• _Supplied data_:
====================

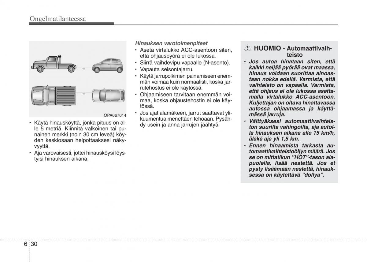 • Käytä hinausköyttä, jonka pituus on al-kuumentua menettäen tehoaan. Pysäh -• Välttyäksesi automaattivaihteis-
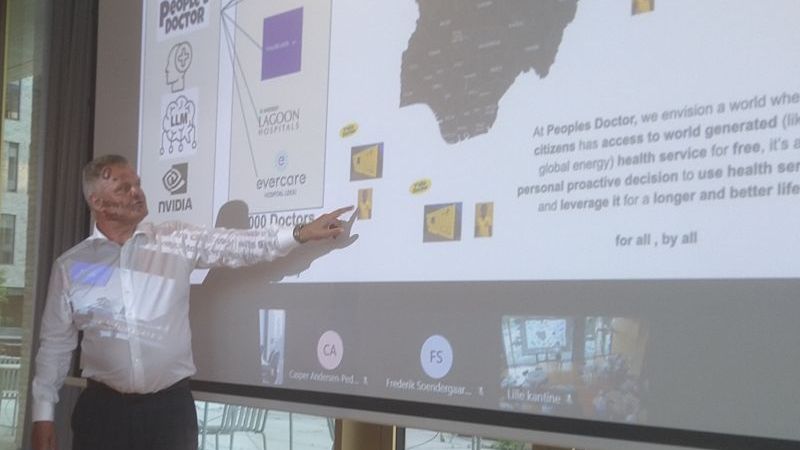 After the General Assembly there was a members' meeting whereLars Munch Johansen (有朋)andCarl J. Brandtpresented their new company People's Doctor, which is about to be launched in Nigeria. The company's vision is that 239 million Nigerians, via their mobile phone and AI (artificial Intelligence), should have access to their own virtual doctor day and night.
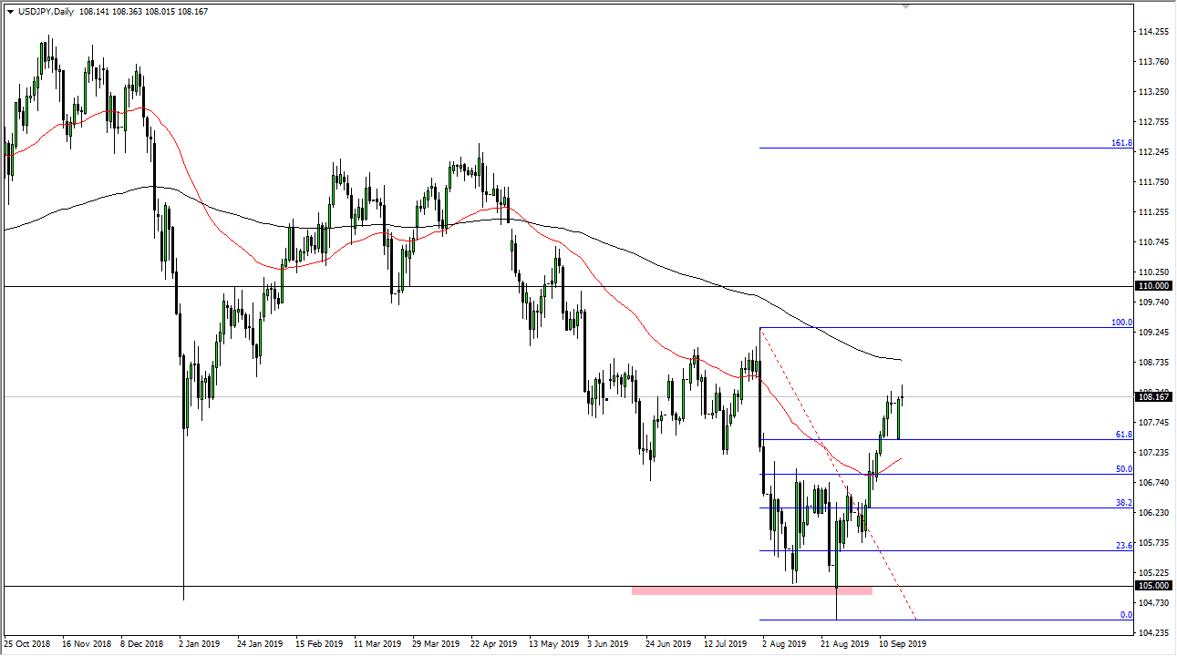 The US dollar went back and forth during the trading session on Tuesday, as we are hanging about the ¥108 level. That’s an area that should continue to be interesting, because we have filled the gap from the opening of the week, and now we are just sitting there waiting to see what happens next, as the Federal Reserve has an interest rate decision coming, and of course the press conference as well. This being the case, the market is likely to have a massive move rather soon, perhaps shortly after the press conference.
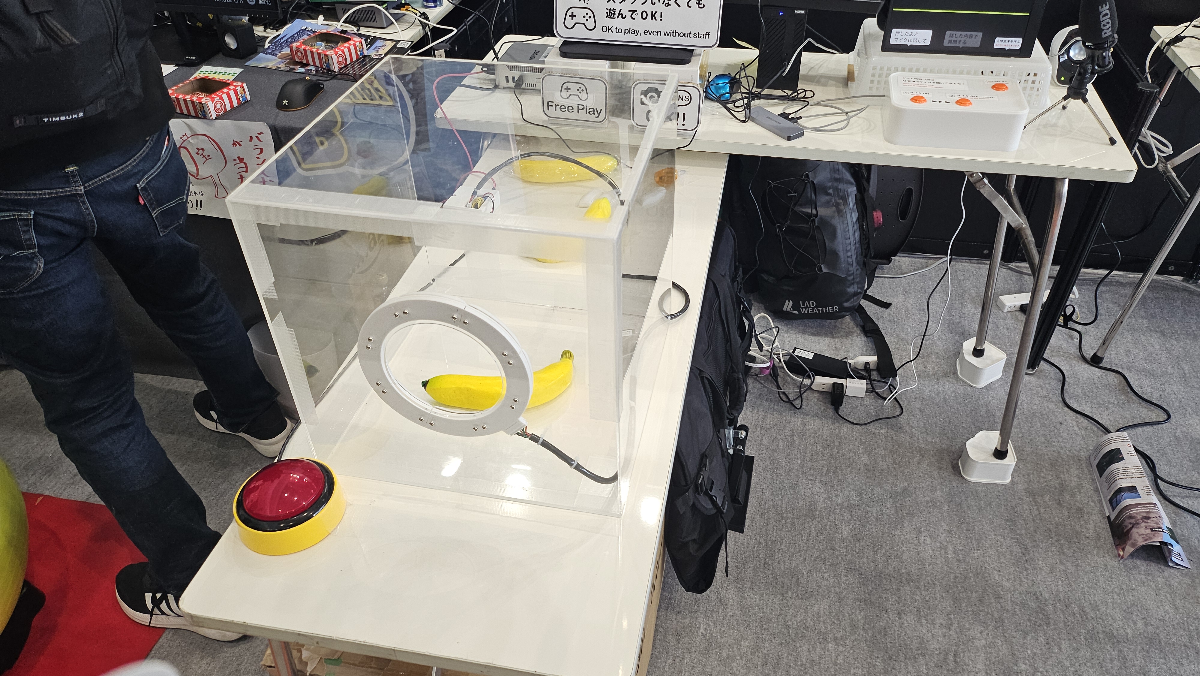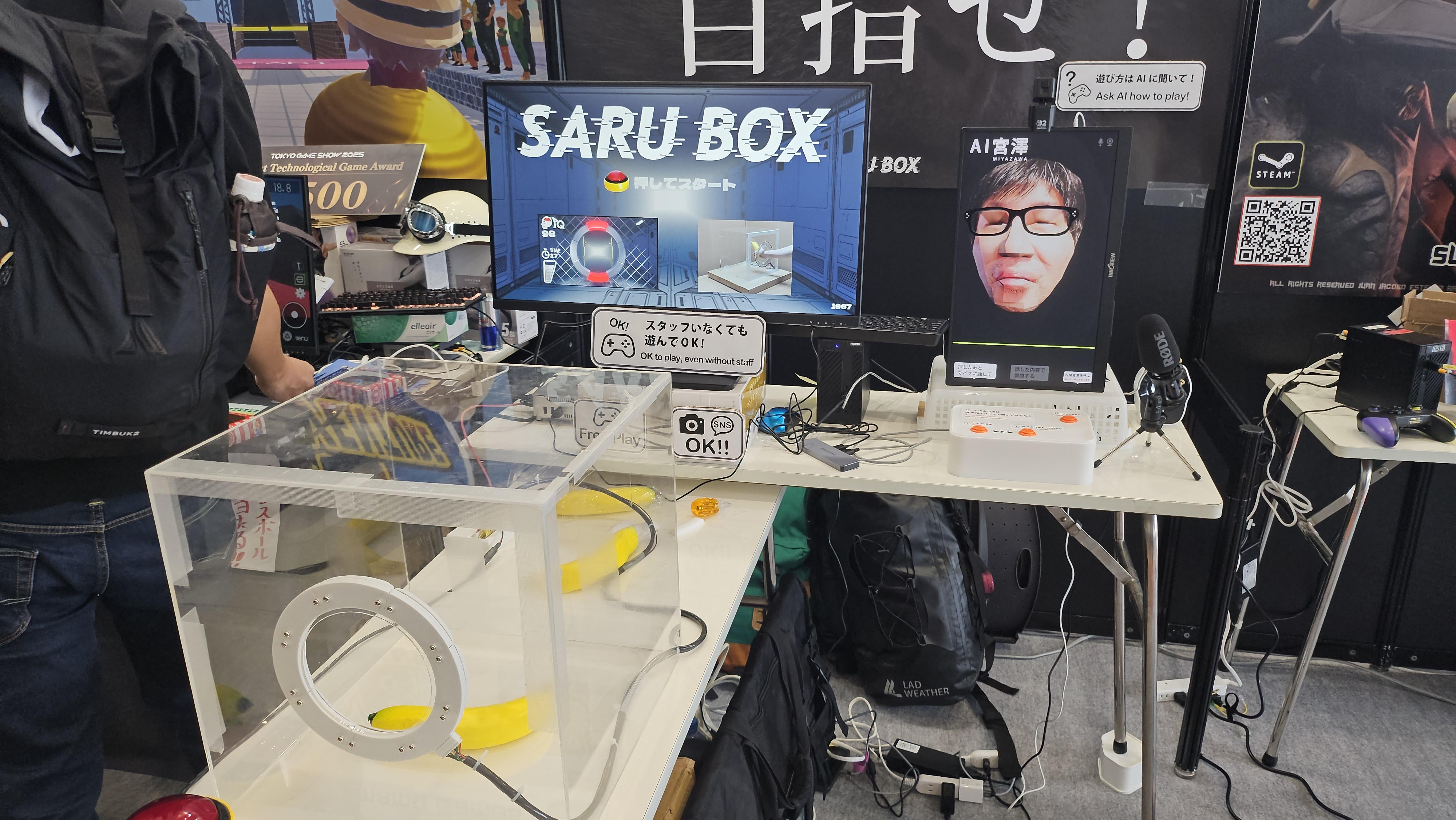 Utvikleren var derimot ikke der, men hadde satt fram en AI-versjon av seg selv til de som hadde spørsmål. Jeg spurte hva han røykte da han fant på spillet, og da lo AI-en og sa at han slett ikke røykte – dette var et eksperiment for å finne ut hvordan bananer kunne brukes mer i spill.

====================

• _Required action_: Would you please set down the listing above exactly, minus its images?

• _Task answer_:
 • Käytä hinausköyttä, jonka pituus on al-kuumentua menettäen tehoaan. Pysäh -• Välttyäksesi automaattivaihteis-
 After the General Assembly there was a members' meeting whereLars Munch Johansen (有朋)andCarl J. Brandtpresented their new company People's Doctor, which is about to be launched in Nigeria. The company's vision is that 239 million Nigerians, via their mobile phone and AI (artificial Intelligence), should have access to their own virtual doctor day and night.
 The US dollar went back and forth during the trading session on Tuesday, as we are hanging about the ¥108 level. That’s an area that should continue to be interesting, because we have filled the gap from the opening of the week, and now we are just sitting there waiting to see what happens next, as the Federal Reserve has an interest rate decision coming, and of course the press conference as well. This being the case, the market is likely to have a massive move rather soon, perhaps shortly after the press conference.
 Utvikleren var derimot ikke der, men hadde satt fram en AI-versjon av seg selv til de som hadde spørsmål. Jeg spurte hva han røykte da han fant på spillet, og da lo AI-en og sa at han slett ikke røykte – dette var et eksperiment for å finne ut hvordan bananer kunne brukes mer i spill.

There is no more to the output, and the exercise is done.